I bianconeri sono storicamente una vera e propria ‘multinazionale’. Quest’anno la rosa si compone per circa l’80% di stranieri, una percentuale che non si discosta poi così tanto dal trend degli ultimi anni. La rete di osservatori su cui fa affidamento la società ogni anno porta almeno un paio di giocatori che hanno potenziale importante per poter diventare giocatori di livello e generare profitti importanti. Così i conti del club si mantengono floridi.
L’attenzione a sfruttare le occasioni che propone il mercato domestico fa il resto. Basti pensare a Destiny Udogie, l’esterno mancino classe 2002 che dalla prossima stagione batterà la fascia del Tottenham di Antonio Conte: nel Verona non trovava spazio, a Udine è diventato quasi inamovibile. Sempre dall’Hellas è arrivato l’ex Leeds Marco Silvestri, uno dei migliori portieri dell’ultimo quinquennio di Serie A per continuità.

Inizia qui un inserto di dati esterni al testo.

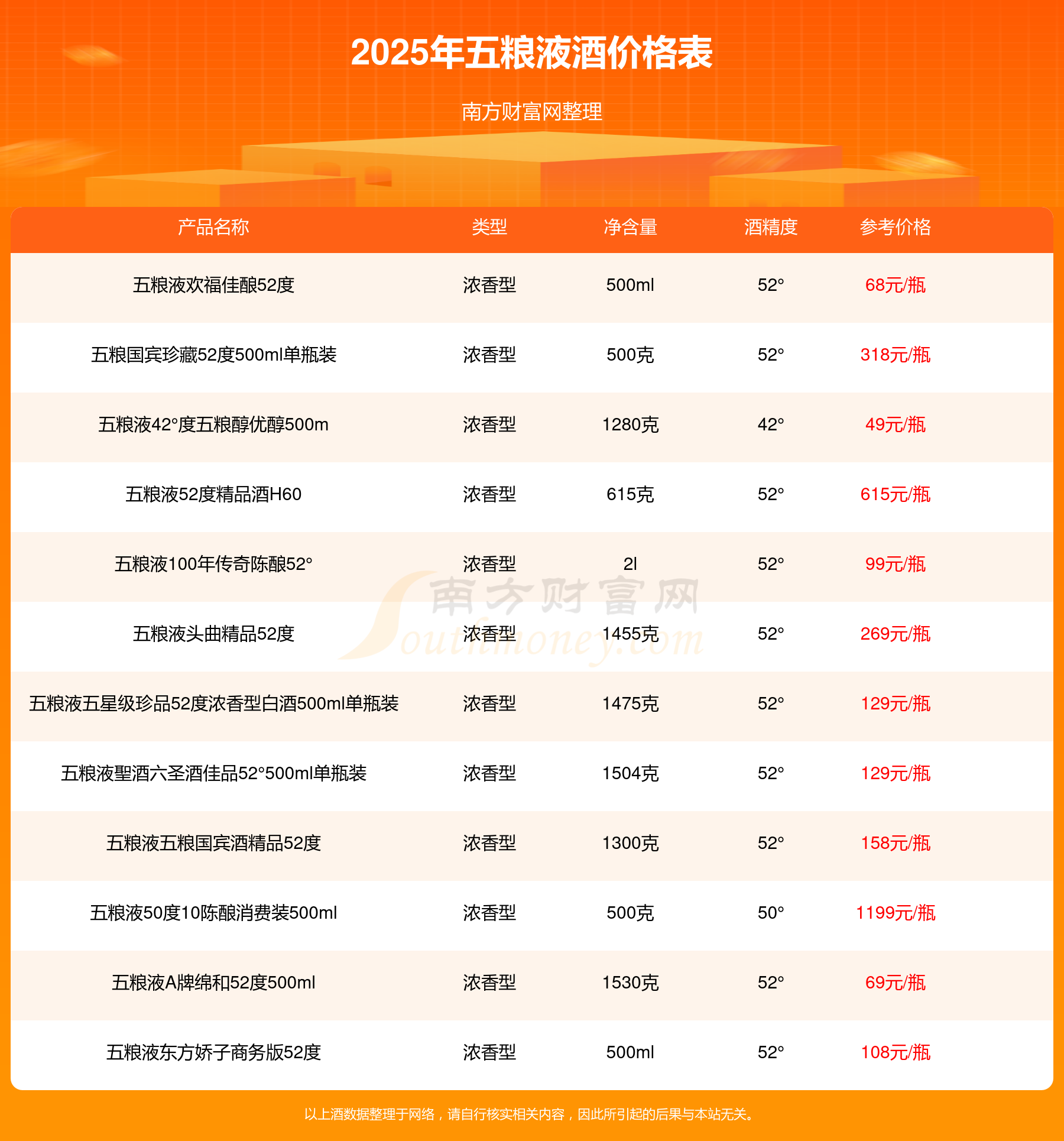 當(dāng)下五糧液酒價(jià)格最高的酒為五糧液百年世博世紀(jì)榮耀紀(jì)念酒60°999ml,參考價(jià)26980元/瓶,而五糧液酒價(jià)格最低的是五糧液干一杯小瓶46度,參考價(jià)16元/瓶,價(jià)格高低差為26964元/瓶。

GettyOgni estate si attua una mini-rivoluzione, tra giocatori che non possono essere trattenuti perché sono riusciti a fare il salto di qualità, tra chi è scontento del minutaggio (la rosa è spesso molto profonda) e tra elementi che invece deludono le aspettative. Capita anche questo, ma è altresì vero che è piuttosto raro vedere qualcuno lasciare l’Udinese ed esplodere altrove.
IL CORAGGIO
La squadra che attualmente è al terzo posto della classifica di Serie A è guidata da Andrea Sottil, che dell’Udinese è stato giocatore tra il 1999 e il 2003. 48 anni, è allenatore dal 2011 e mai prima dii quest’anno aveva allenato in Serie A. Tanta B, tantissima Serie C, un’esperienza anche in Serie D, fino a quando è arrivata la chiamata dell’Udinese in massima divisione.
Rispetto alle scelte tattiche effettuate da molti dei suoi predecessori, Sottil ha immediatamente proposto un calcio offensivo, fatto di coraggio, velocità nelle transizioni, verticalità, ricerca immediata dell’attaccante. Ha messo ancora più al centro del gioco l’ex canterano del Barcellona GerardDeulofeu, che in estate sembrava ad un passo dall’addio dopo la sua miglior stagione sotto il profilo realizzativo (13 goal), invece è rimasto.
GettyIl suo partner d’attacco Beto è stato pescato nella Portimonense, club di media classifica portoghese. In Italia la sua potenza atletica fa la differenza — e anche la sua esultanza alla LeBron James è diventata presto virale. Così come tutti i giocatori che compongono la cerniera di centrocampo: Walace dall’Hannover in Germania, il super talento Samardzic dalla panchina del RB Lipsia, lo sloveno Lovric dal Lugano, Makengo dal Nizza. Scouting, una filosofia.
Ovviamente non mancano i senatori, su tutti l’ex Juve e Watford Roberto Pereyra, tornato due anni fa in Friuli. Un elemento essenziale per spirito di sacrificio, per essere da guida ai giovani, per far da collante in uno spogliatoio che ha ospitato anche 20 nazionalità diverse. Ma che, come raccontato da Samardzic a GOAL, non fa sentir le differenze.
"Questo club è come una famiglia. Tutti si conoscono. È molto facile lavorare qui perché hai davvero tutto a disposizione. Cosa c'è di veramente fantastico? Puoi mangiare quando vuoi, 24 ore su 24 e 7 giorni su 7 - mattina, mezzogiorno, sera. La filosofia è quella di giocare un calcio propositivo. In rosa ci sono top player come Gerard Deulofeu e Roberto Pereyra. Di conseguenza, l'obiettivo è quello di conquistare un posto in una competizione internazionale. Al momento non c'è un traguardo preciso da raggiungere, vedremo durante la stagione".
Una ricetta che ora funziona. Miglior attacco della Serie A, alta classifica. Non sono i tempi di Zico, ma Udine torna a sognare.